Prior to owning the Sp-404A, I’ve been using computer software like Cool Edit and Garageband to cut samples and create loops. I’m still stuck with my old ways and have been importing my projects into the SP. Mainly using it for live performance based. I’ve also done some chopping on the fly when I’m out and about, taking sounds from whatever I plug into the 404. It’s great getting ideas down while on the road.When working in Garageband, I usually do all my arrangements in there and record layers of textures. Before the Roland Juno D, I was using the on board musical type with the laptop keyboard. Pretty ridiculous but it got the job done most if the time. I get it now why people are addicted to synths and the different sounds they produce.

Where do you get your sounds and samples? I’ve been collecting samples (digital & analog) for quite sometime now. I’ve learned all this through working with No Luck Club. I would recreate patterns of existing samples with different sounds. Sometimes layer the same sound to give it more oomph. At times I’d layer different drums to give it a certain feel when necessary.

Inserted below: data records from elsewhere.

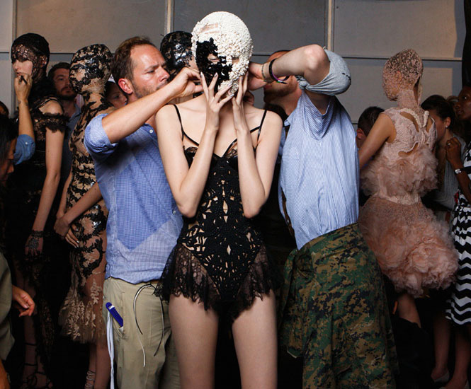 Backstage at Alexander McQueen Spring/Summer 2012 show, by Jason Lloyd Evans
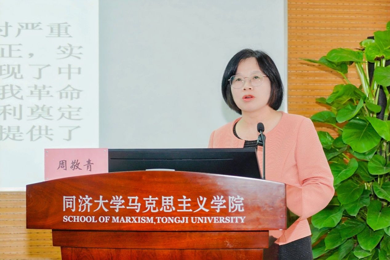 丁俊萍教授以《从党建视角看遵义会议的重大意义》为题,从五个层面来解读遵义会议的重大意义:一是会议打开中国革命新局面和党的建设新局面;二是会议体现出来的党应对危机的精神状态和驾驭复杂局面的领导能力,把党从危局中挽救出来。三是会议发扬民主的理性精神和善于总结经验教训的优良传统,对党的建设具有长远价值。四是会议体现出来的毛泽东思想活的灵魂,对党的建设具有长远指导意义。五是遵义会议精神是以伟大建党精神为源头的中国共产党革命精神谱系重要组成部分,激励全党团结奋斗不断创造新的历史伟业。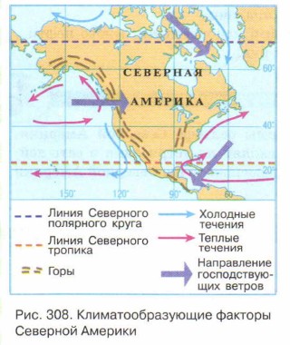 Северная Америка — знакомый незнакомец § 44. Климат Северной АмерикиВспомните Что такое орографические осадки? Как называется система постоянных ветров, действующая в умеренных широтах? Климатообразующие факторы Северной АмерикиУже говорилось о том, что природные условия, в том числе и климатические, в Северной Америке разнообразнее, чем в Южной (рис. 308). И первая причина этого разнообразия заключается в особенностях широтного положения материка, который имеет значительную протяженность с севера на юг. Начинаясь недалеко от экватора, Северная Америка простирается до полярных широт. Впервые нам встречается материк, на котором есть почти все существующие на планете климатические пояса. Набор климатических поясов впечатляет: от субэкваториального до арктического! Нет только одного климатического пояса — экваториального.
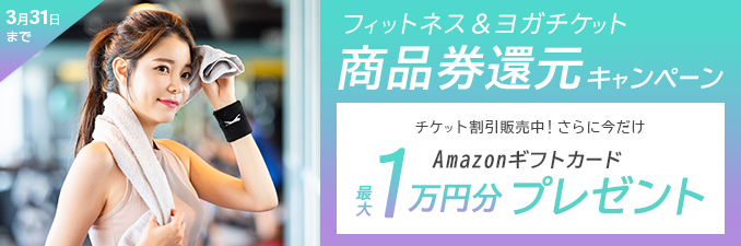 ホーム フィットネス スポーツクラブ ティップネス 20回券購入でAmazonギフトカード2,000円分プレゼント! 対象会員種類の月会費が最大1,100円割引!! スポーツクラブNAS 利用券 25枚回券購入でAmazonギフトカード2,000円分プレゼント!好きな時につかえる回数券★まとめ買いがオトク!この機会に運動習慣をつけよう♪ ジェクサーフィットネスクラブ 都度利用 1回利用1,210円!全店が駅チカ。最新マシンからスパやエステまで備えた総合型の施設です。 もっと見る > 24時間ジム FASTGYM24 月会費 24時間いつでも 自分スタイルで♪月会費を通常料金より550円OFF! 【近畿・東海・中国・東北】エニタイムフィットネス 24時間年中無休!国内1,000以上の店舗で利用OK! FITBASE24都度利用 都度利用 1,210円! 会員制フィットネスクラブを月会費不要で都度の利用が可能! もっと見る > パーソナルジム RIZAP(ライザップ) それぞれの体格、体重、体質に合わせた目標設定・専用プログラムをご提供し、結果にコミット致します。 かたぎり塾 パーソナルジム業界店舗数NO.1 体験後当日入会で、入会金55,000円が無料 24/7Workout 完全個室・マンツーマン指導のダイエットジム!全人類を人生史上最高の身体に導く! もっと見る > スタジオ系 リフィナス キックボクシングスタジオ 対象のコースが毎月月額1000円引きで利用可能! ボディメイクやストレス発散にも!楽しんで通うことができるキックボクシングジム! FEELCYCLE 話題の暗闇バイクエクササイズ!全身運動で基礎代謝UP&食べても痩せるカラダに♪ 女性だけの30分フィットネス カーブス 女性専用、1回30分、予約なし気軽に楽しく運動できる♪ もっと見る > オンラインフィットネス トゥエンティーフォーセブンオンラインフィットネス まるでジムに通っているような感覚!?ライブレッスンで本格的なワークアウト! LEANBODY/自宅でできるフィットネス動画配信 テレビや雑誌で話題の有名インストラクターのレッスンが受け放題♪ トルチャ/オンラインでフィットネスクラブ品質体験 選抜されたインストラクターのLIVEレッスンとビデオレッスンが初月無料! もっと見る > ヨガ・ピラティス zen place 1回券購入でAmazonギフトカード500円分プレゼント! 【初回限定】全国100店舗以上のピラティス・ヨガグループレッスン体験2,200円→無料! ホットヨガスタジオLAVA 一度で実感できる驚きの発汗!レッスンが終わって、肌の違いに驚くお客さまが続出しています。 もっと見る > もっと楽しく活用するために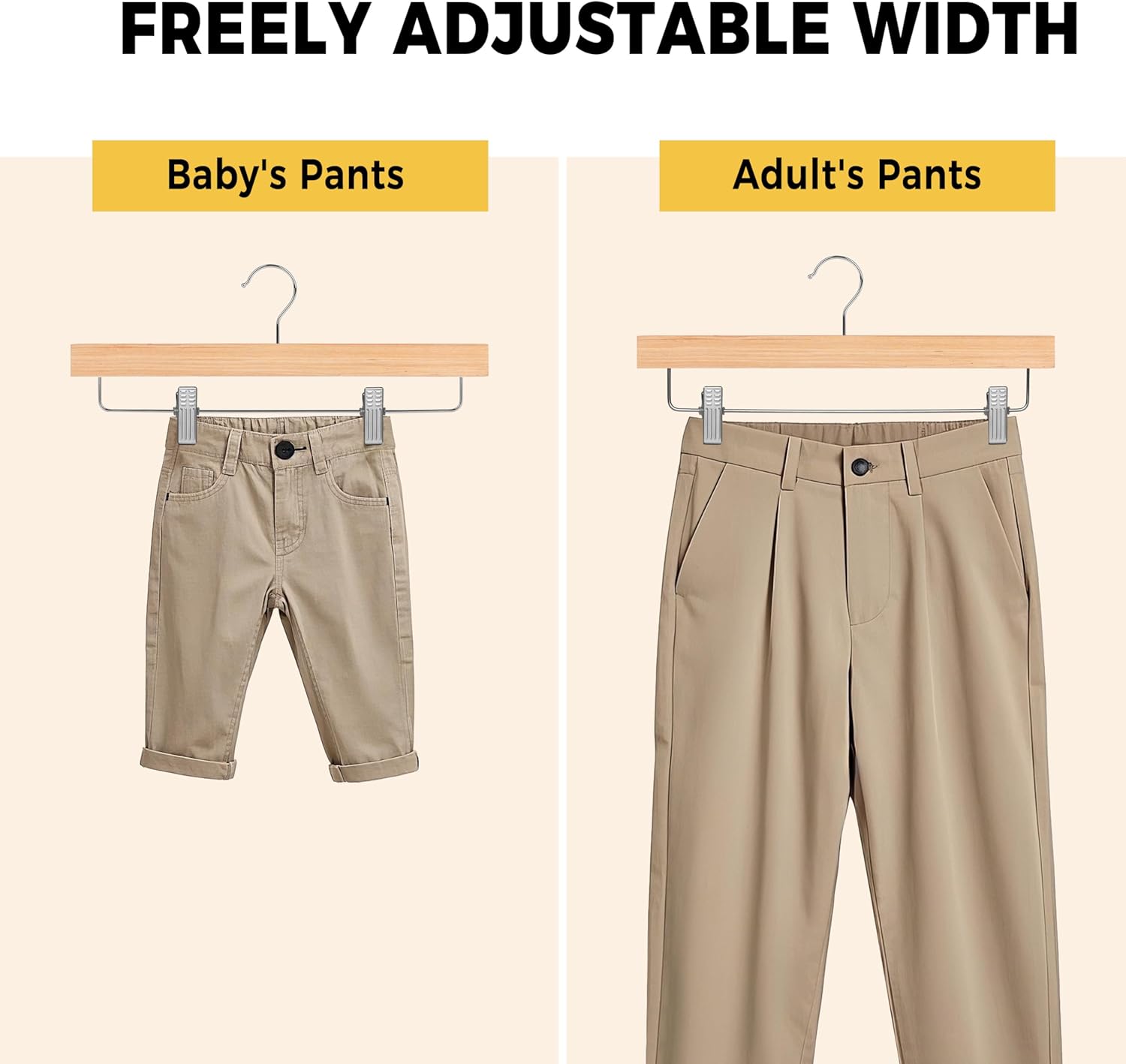 This bundle includes 30 premium plywood coat hangers and 20 plywood pants hangers from Quality Hangers, designed to organize and maximize closet space efficiently. Both sets feature a natural finish, slim profile, and durable construction with swivel hooks and anti-slip properties for convenient clothing care.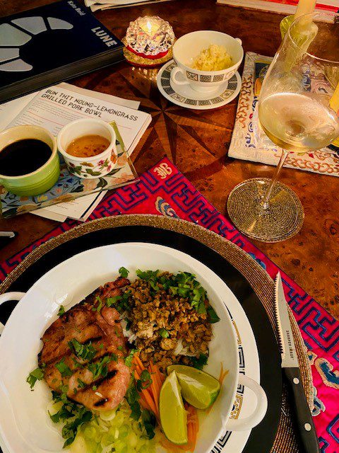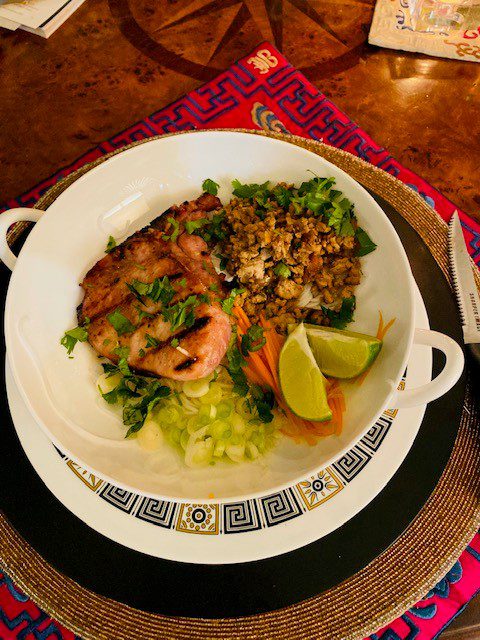 This dish is called Bun Thit Noung in Vietnamese. “Thit” is pronounced without the “h,” and “Noung,” is pronounced, “noong.” Thit NoungĀ meansĀ grilled meat in Vietnamese. It is usually pork that is marinated with lemongrass, garlic, fish sauce, and sugar, and then grilled over charcoal or baked in the oven. It is a popular dish that can be served with rice, noodles, or bread, and often accompanied by fresh herbs, salad, pickled vegetables, and fish sauce dressing. I found this recipe in Jet Li’s 101 Asian Dishes You Need to Cook Before You Die (2017) but I used thin pork loin chops instead of the sliced pork shoulder he recommended, and I grilled the pork on my Big Green Egg instead of searing it on a griddle.Ā I think my alterations to Li’s recipe were a huge improvement.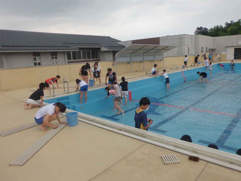みんなのために、6年生がプール掃除をしてくれました。
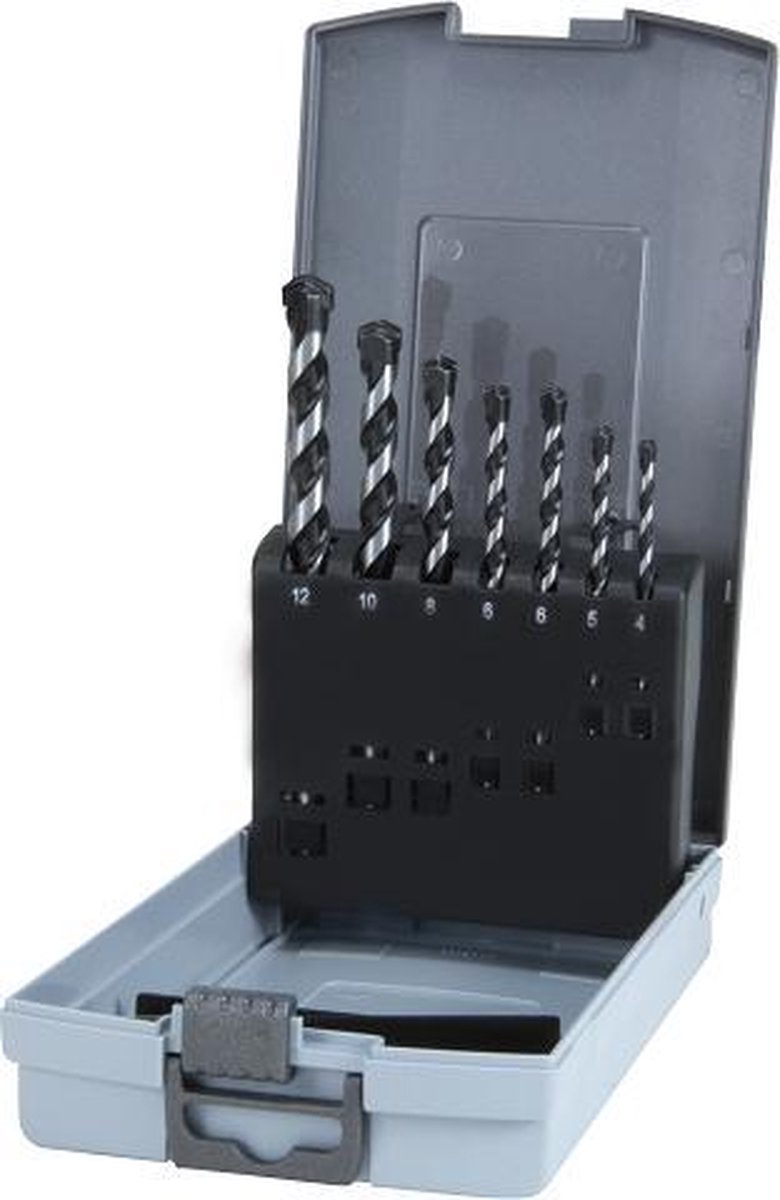 Sada obsahuje vrtáky o průměru: 4x75 mm, 5x85 mm, 6x100 mm, 6x100 mm, 8x120 mm,10x120 mm,12x150 mm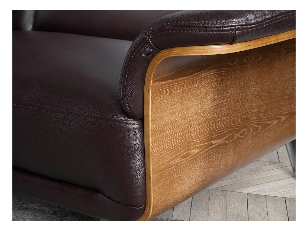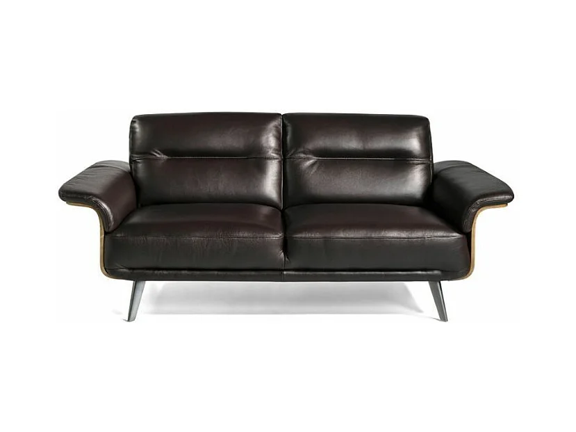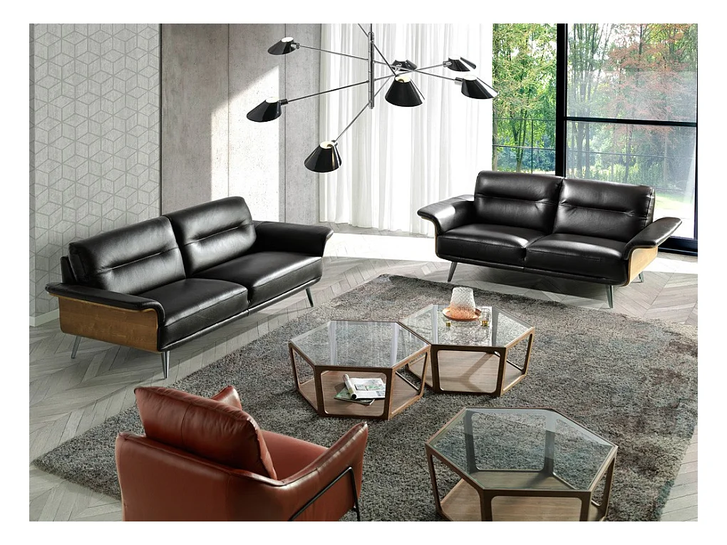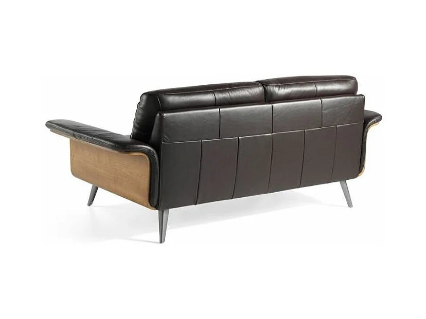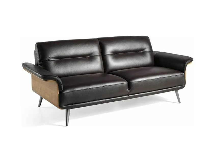 Canapé 3 places cuir noir bois plaqué noyer et pieds acier inoxydable Alamo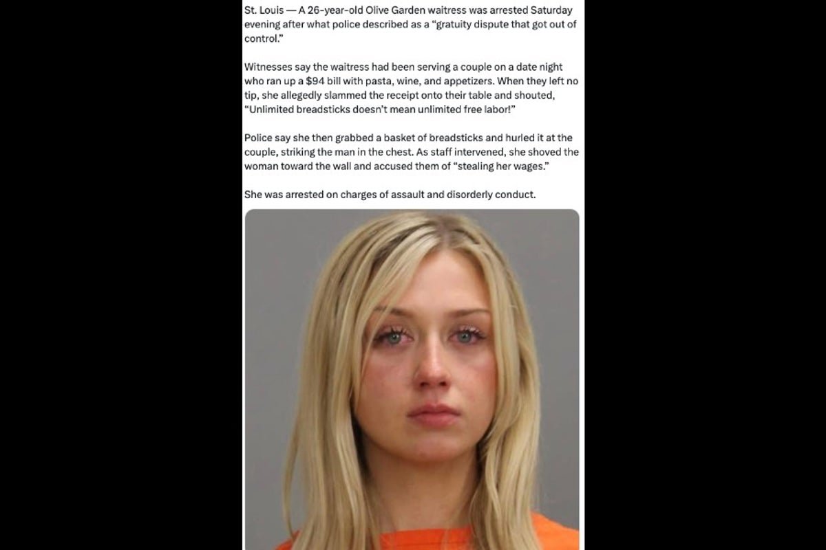 Uma história dramática de 26 anos Jardim de oliveiras Louis Waitress, Missouri, que presumiu que eles jogaram uma cesta de casal para um casal quando o pressionaram em uma prensa e disseram: “Pão ilimitado significa trabalho gratuito e ilimitado!” Começou recentemente nas redes sociais.
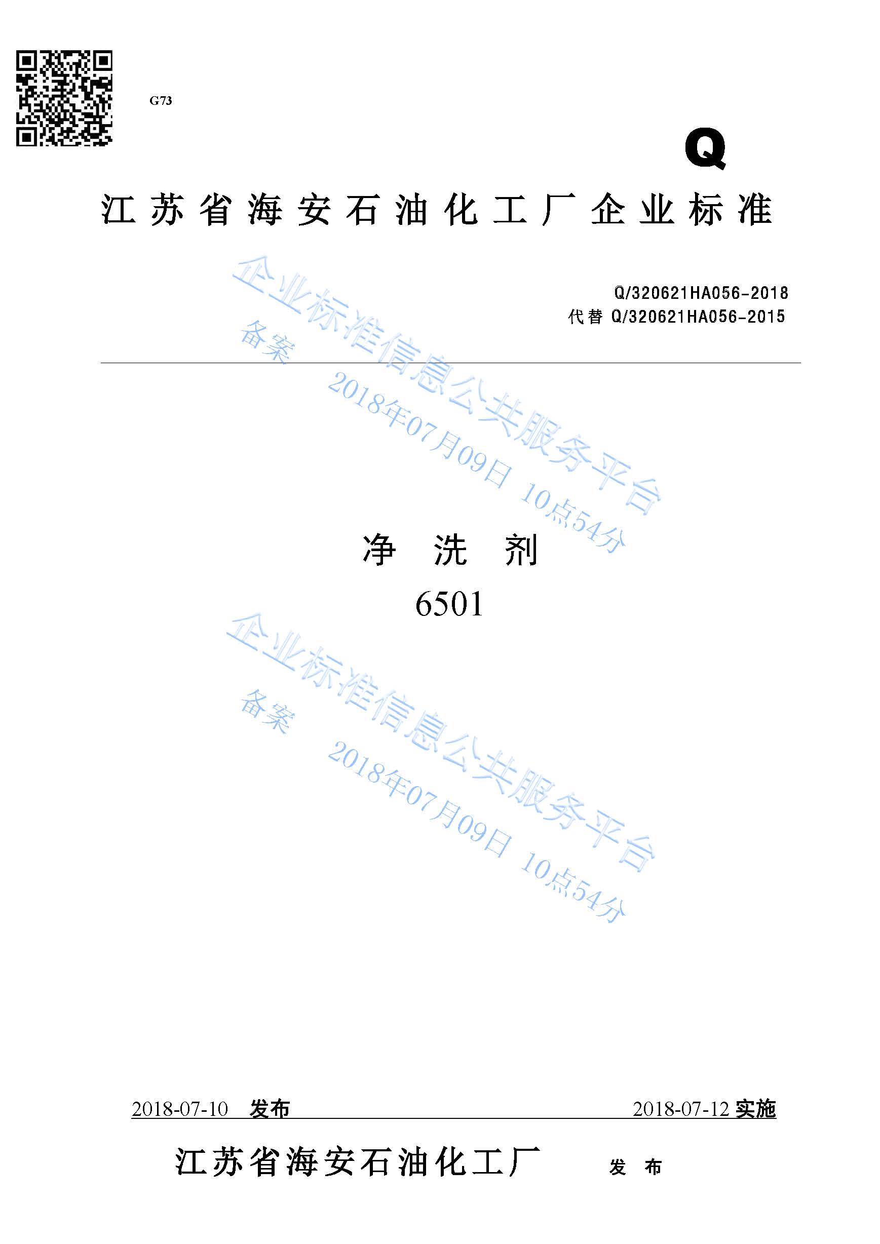 Q/320621HA056-2018 净洗剂6501产品标准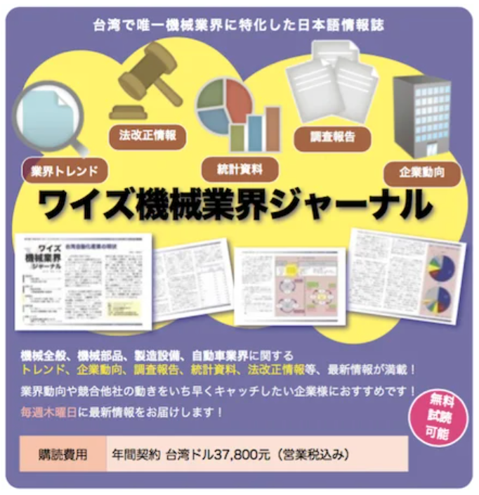 ・日本語台湾経済ニュース、機械業界ジャーナル配信

I’m no pro when it comes to making music. A lot of it was self taught and using the only things that was available to me. I guess what I’m trying to say is that there isn’t a right or wrong way on making music in my opinion. I’ve sat in conversations and I would be completely lost on production topics. Questions like how did you get it to sound like this and that. Trial and error I guess. Keep messing around with filters until you like it. I keep telling myself if past musicians can make it sound a certain way with the technology they had then, I can make it too. What to take from this post is that you don’t necessarily have to have to latest gear. Work with what you have and fully master it.